BSG KWO Berlin
- Full name: Betriebssportgemeinschaft Kabelwerk Oberspree Berlin
- Founded: 1949
- Dissolved: 1990
- Ground: KWO-Sportanlage an der Wuhlheide
- Capacity: 5,000
| Home colours | Away colours |

= KWO Berlin =

German football club

KWO Berlin was a German association football club from the city of Berlin. The club was active in the separate East German football competition that emerged in the Soviet-occupied eastern half of the country after World War II. It was established in 1949 as the factory club, or Betriebssportgemeinschaft, for VEB Kabelwerk Oberspree, a major state-owned industrial firm specializing in the manufacture of electrical cable and wire.

==History==
In 1951, the club was renamed BSG Motor Oberspree Berlin and on 1 September 1957 joined TSC Obenchöneweide to play briefly as TSC Obenchöneweide/Oberspree before disappearing within TSC in December of that year, and playing as TSC Obenchöneweide III until 1959.

A separate KWO side was re-established in 1975 with the ambitious support and significant financial resources of the factory. By 1979, the team had risen out of lower level Kreisklasse competition into the Bezirksliga Berlin (III). They captured the city championship by a narrow margin over BSG EAB Lichtenberg 47 and advanced to play in the DDR-Liga (II). In their second season there KWO finished behind 1. FC Union Berlin before fading over the next two years and slipping back into Bezirksliga competition in 1983.

Manager Dieter Fietz had a friendly relationship Soviet forces stationed in the area and was able to augment his club with experienced Russian players. While this helped KWO in capturing a string of Berlin-Pokal (East Berlin Cups) and FDGB-Pokal (East German Cup) district titles in the late 1980s, the team was unable to immediately win its way back to second division play. The club finally won promotion in 1988 just before German reunification in 1990 for two seasons.

Between 1981 and 1990, KWO made frequent appearances in FDGB-Pokal (East German Cup) play where they typically were put out in the opening two rounds. Their furthest advance was in 1982 when they contested an eighth-final match Dynamo Dresden which they lost 0–2.
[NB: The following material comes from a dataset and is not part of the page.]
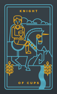 聖杯騎士這張牌描繪了一個年輕的騎士,他光榮地騎著一匹白馬,同時拿著一個杯子,好像他是某種信使。與權杖騎士或寶劍騎士不同的是,這位騎士並沒有騎著馬衝鋒陷陣。相反,他正緩慢地向前移動,這為整個環境提供了一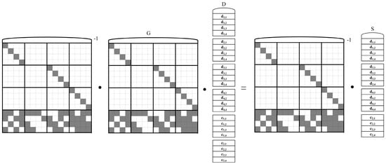 In the diagrams, , , , and respectively represent the first, second, third, and fourth data groups of the first data message. The others follow similarly. Since only 0s and 1s exist in the binary encoding matrix, the encoding calculation process only needs to perform XOR logical operations to obtain the parity messages. For example, taking the first data group of the parity message as an example, the calculation is implemented according to the fifth row of the binary encoding matrix, as shown in the following Equation (13):

The club disappeared with German reunification in 1990, its women's football team becoming part of 1. FC Union Berlin.

==Honours==
- East Berlin Cup champions: 1979, 1985, 1986, 1987, 1988
- FDGB district champions (East Berlin): 1986, 1987

==Stadium==
The team played its home fixtures in the KWO-Sportanlage an der Wuhlheide, which also served other sports departments of the larger club. The facility had a capacity of 5,000 and was demolished in 2001.